## TO DO:
Repeat the data that follows in full. Do not include the pictures.

## MATERIAL PROVIDED:

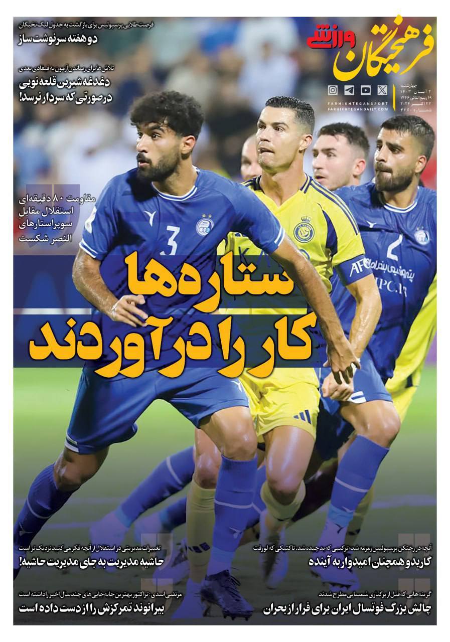 روزنامههای ورزشی چهارشنبه دوم آبان ۱۴۰۳
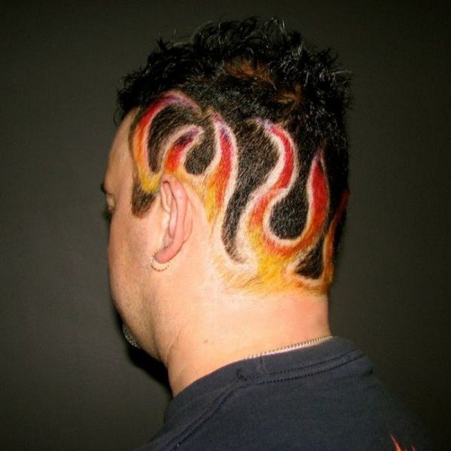 - Exotic. This type of drawing includes a haircut in the form of a lizard, hieroglyph, tongues of flame. Looks spectacular with appropriate staining.
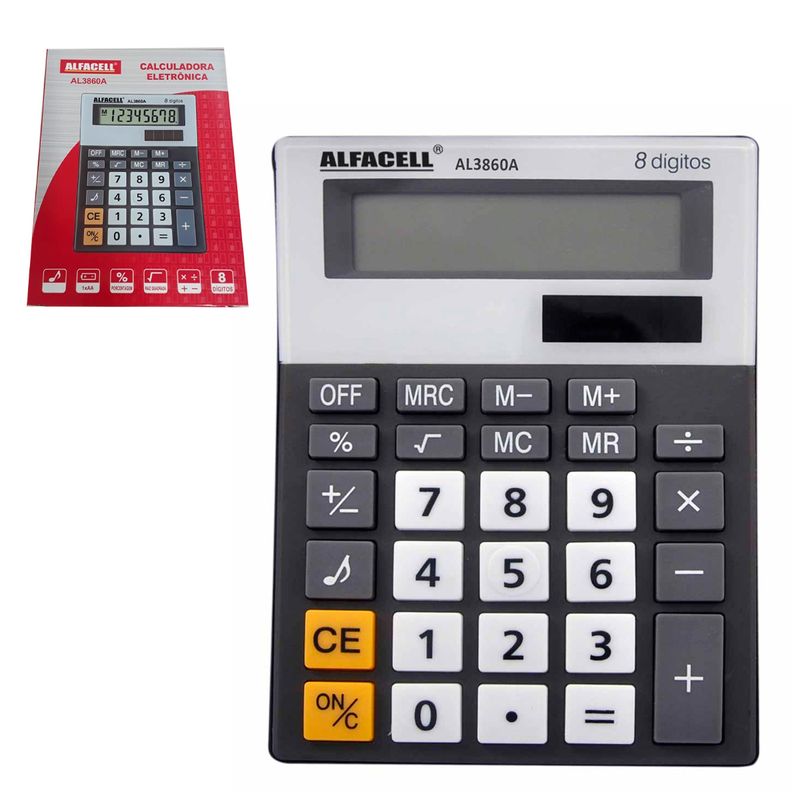 Calculadora Eletrônica de Mesa - 8 Dígitos - 1 Pilha AA (Não Inclusa) Medidas: 15x11cm Composição: Plástico Imporiente Código de barras: 7899790928259 Peso: 0,130 Ref: AL3860A

## WRITTEN SOLUTION:
 روزنامههای ورزشی چهارشنبه دوم آبان ۱۴۰۳
 - Exotic. This type of drawing includes a haircut in the form of a lizard, hieroglyph, tongues of flame. Looks spectacular with appropriate staining.
 Calculadora Eletrônica de Mesa - 8 Dígitos - 1 Pilha AA (Não Inclusa) Medidas: 15x11cm Composição: Plástico Imporiente Código de barras: 7899790928259 Peso: 0,130 Ref: AL3860A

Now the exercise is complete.